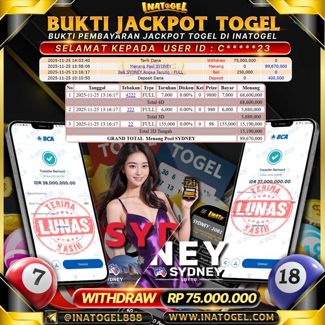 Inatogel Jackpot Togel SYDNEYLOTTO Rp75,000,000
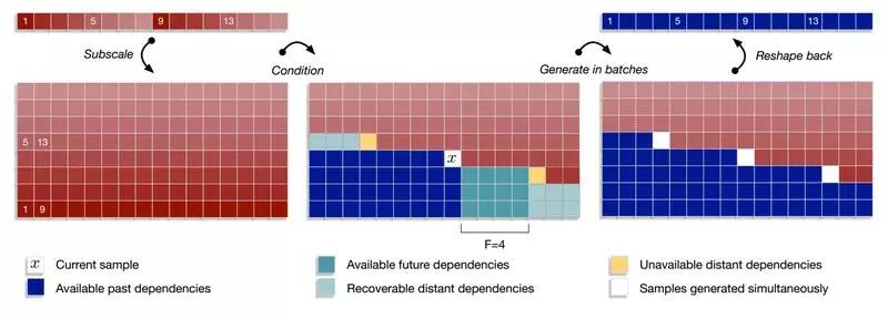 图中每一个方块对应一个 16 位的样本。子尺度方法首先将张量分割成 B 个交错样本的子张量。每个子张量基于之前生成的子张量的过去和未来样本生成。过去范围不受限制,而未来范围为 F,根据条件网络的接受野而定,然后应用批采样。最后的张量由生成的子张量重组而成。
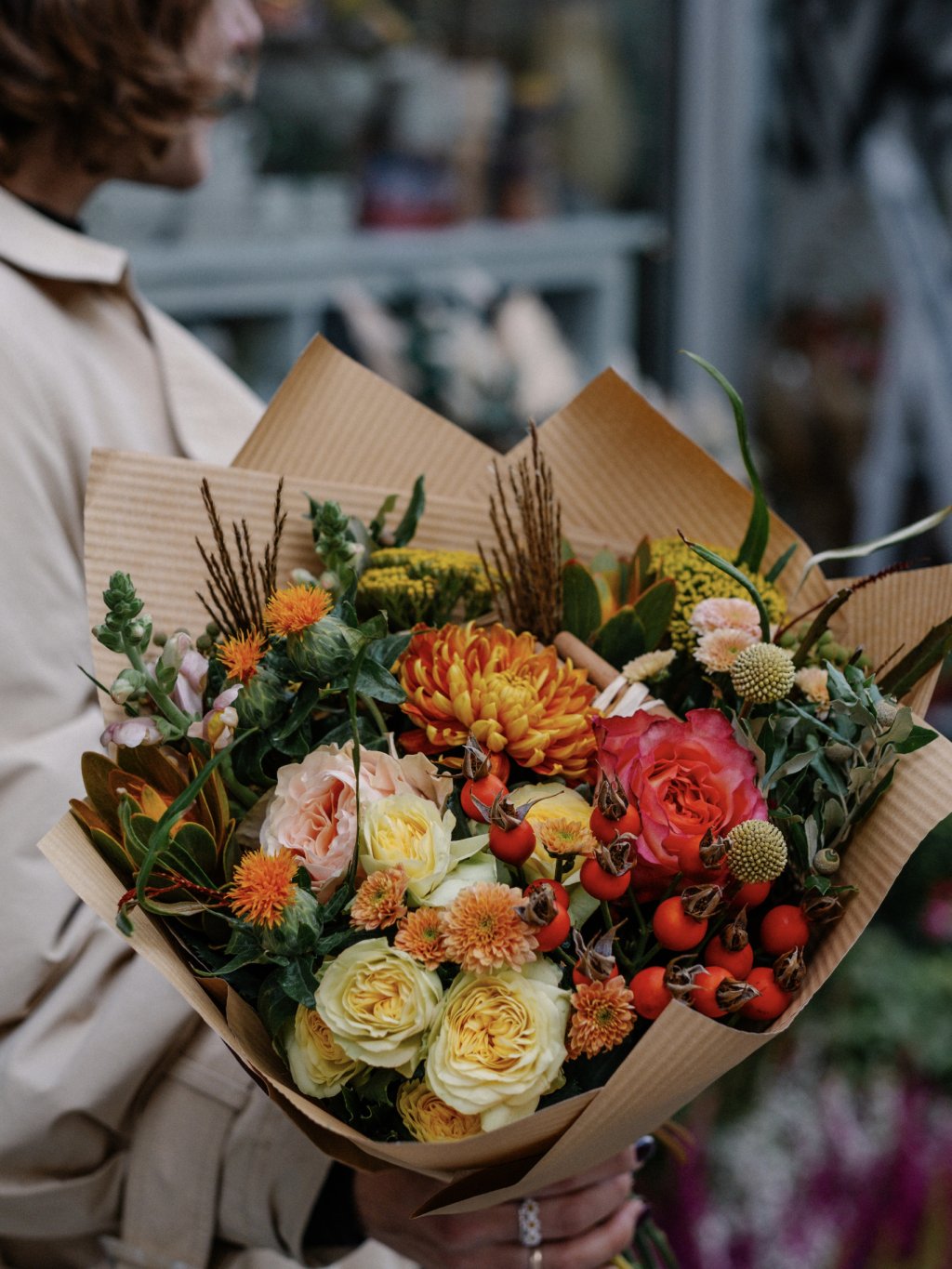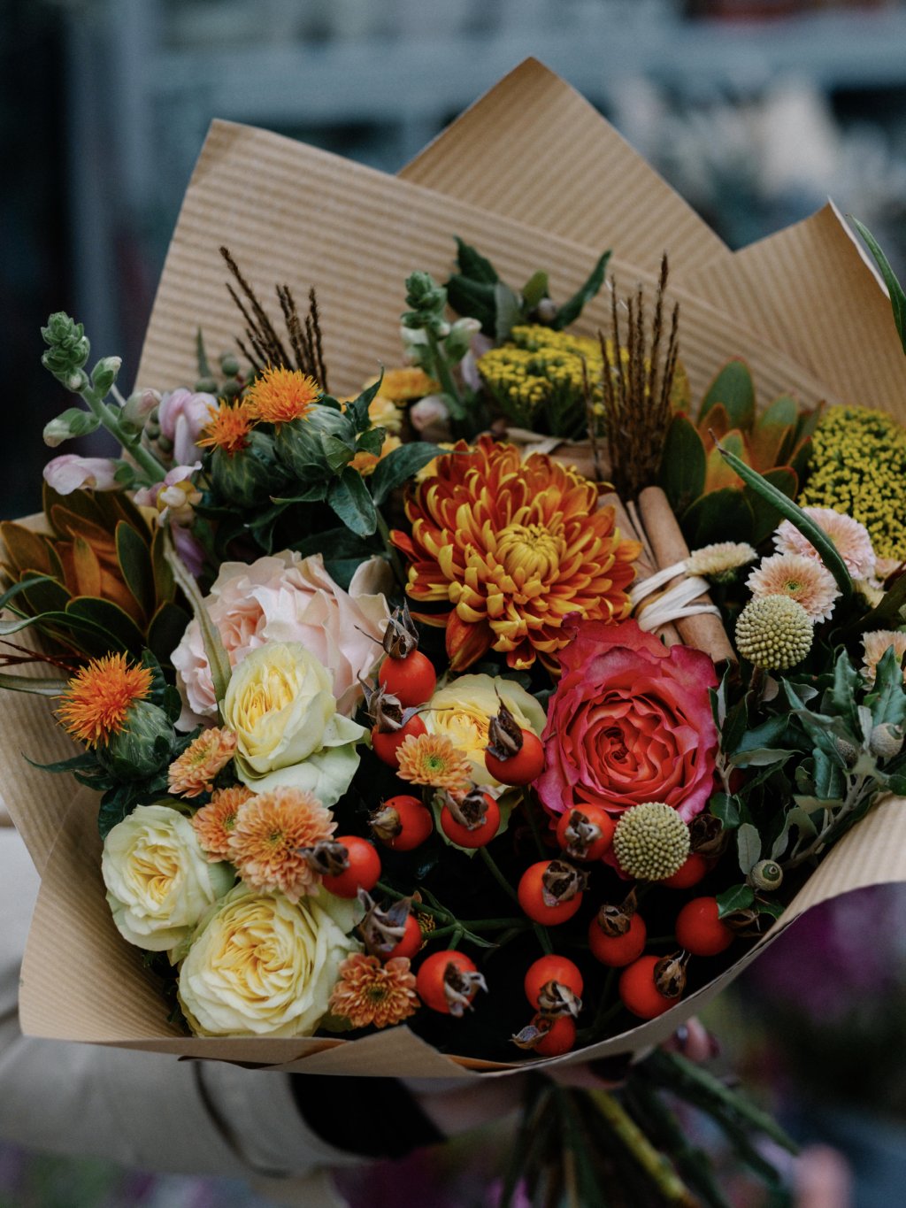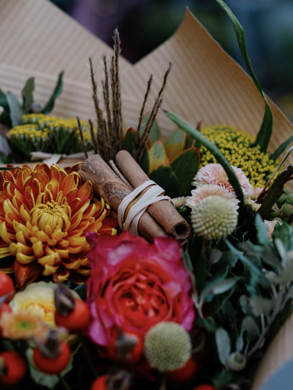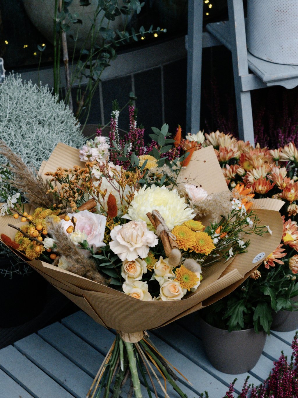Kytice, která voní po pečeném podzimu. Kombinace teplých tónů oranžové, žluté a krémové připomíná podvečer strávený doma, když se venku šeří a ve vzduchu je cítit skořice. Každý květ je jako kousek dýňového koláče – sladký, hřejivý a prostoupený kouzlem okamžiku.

==============================

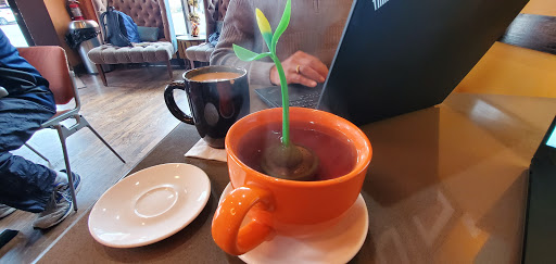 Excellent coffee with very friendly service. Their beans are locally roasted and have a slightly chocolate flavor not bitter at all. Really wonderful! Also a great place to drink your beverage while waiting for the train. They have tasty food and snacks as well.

==============================

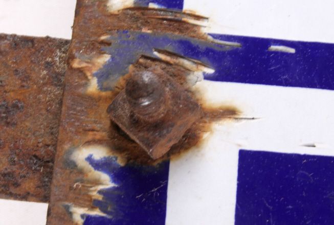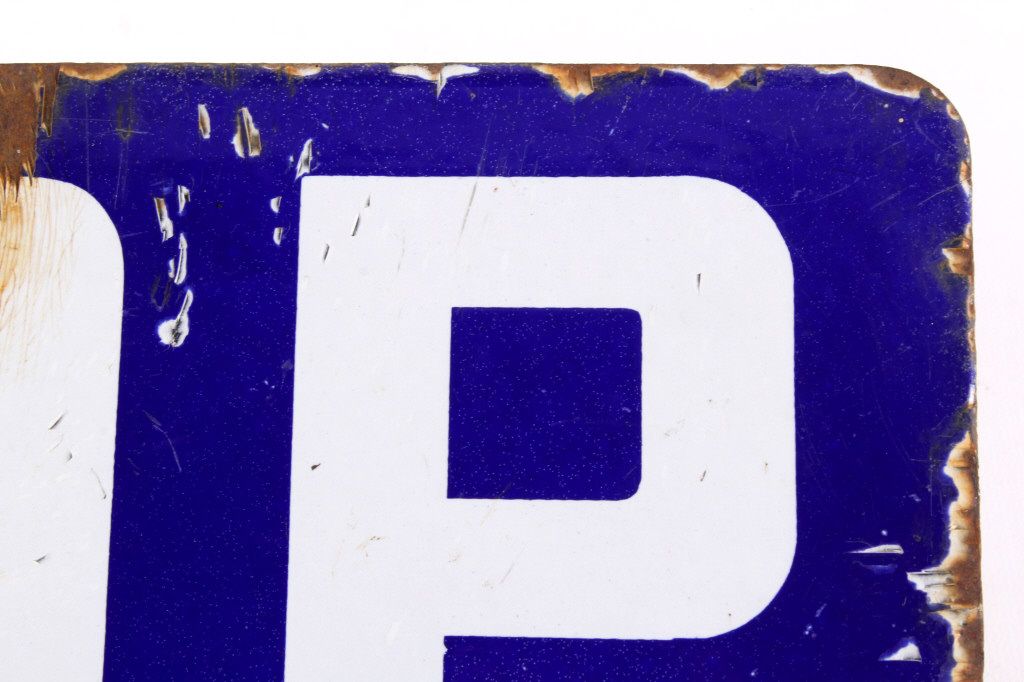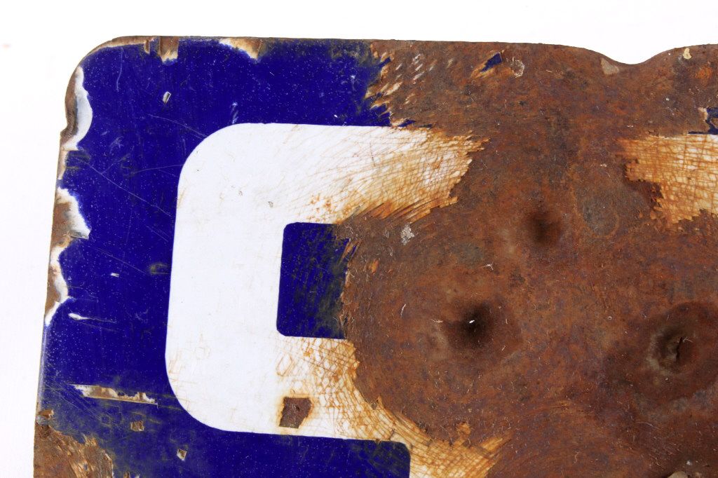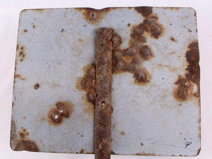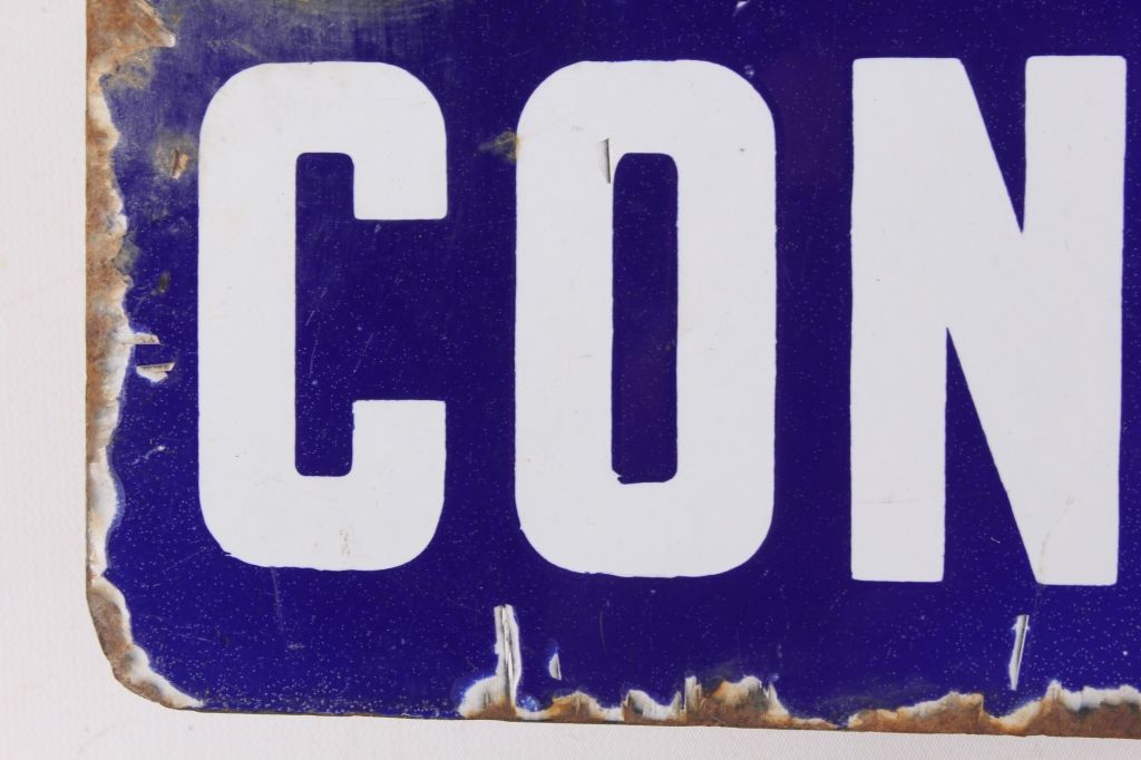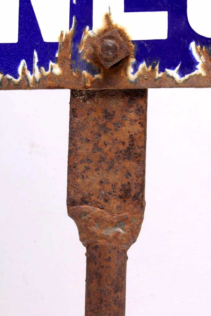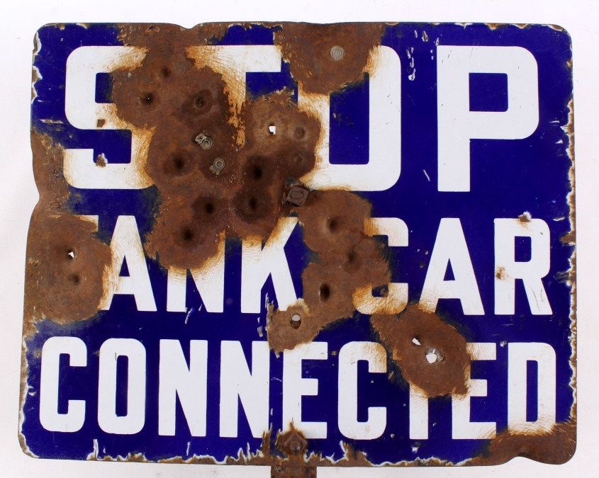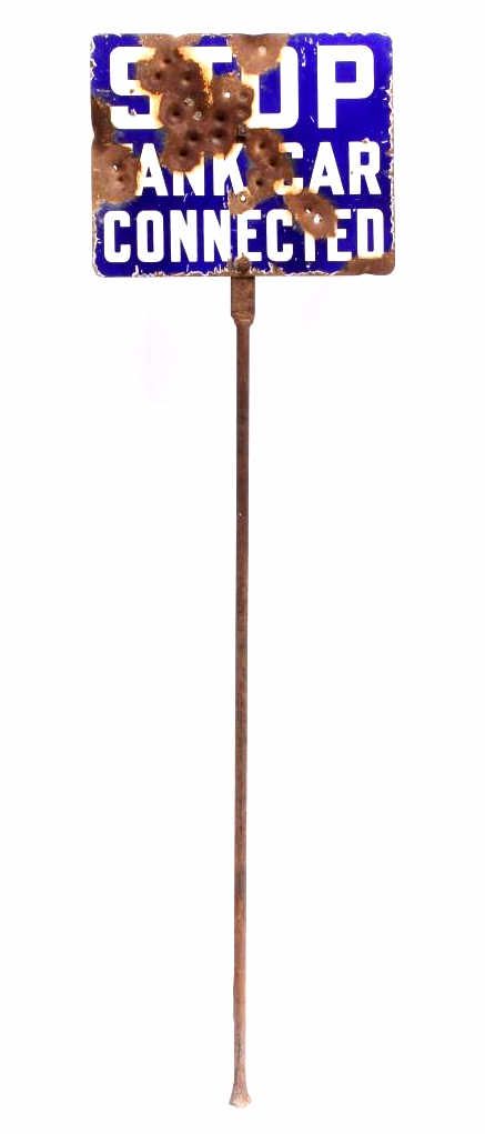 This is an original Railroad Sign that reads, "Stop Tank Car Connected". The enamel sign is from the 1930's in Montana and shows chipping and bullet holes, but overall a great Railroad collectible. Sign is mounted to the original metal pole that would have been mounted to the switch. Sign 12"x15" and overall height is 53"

==============================

▸ ACTION ITEM
The material above holds pictures; leave them out. Repeat exactly the lines from the one containing "图中每一个方块对应一个 16 位的样本。子尺度方法首先将张量分割成" through the one containing "Kytice, která voní", and nothing else.

▸ WRITTEN RESPONSE
 图中每一个方块对应一个 16 位的样本。子尺度方法首先将张量分割成 B 个交错样本的子张量。每个子张量基于之前生成的子张量的过去和未来样本生成。过去范围不受限制,而未来范围为 F,根据条件网络的接受野而定,然后应用批采样。最后的张量由生成的子张量重组而成。
Kytice, která voní po pečeném podzimu. Kombinace teplých tónů oranžové, žluté a krémové připomíná podvečer strávený doma, když se venku šeří a ve vzduchu je cítit skořice. Každý květ je jako kousek dýňového koláče – sladký, hřejivý a prostoupený kouzlem okamžiku.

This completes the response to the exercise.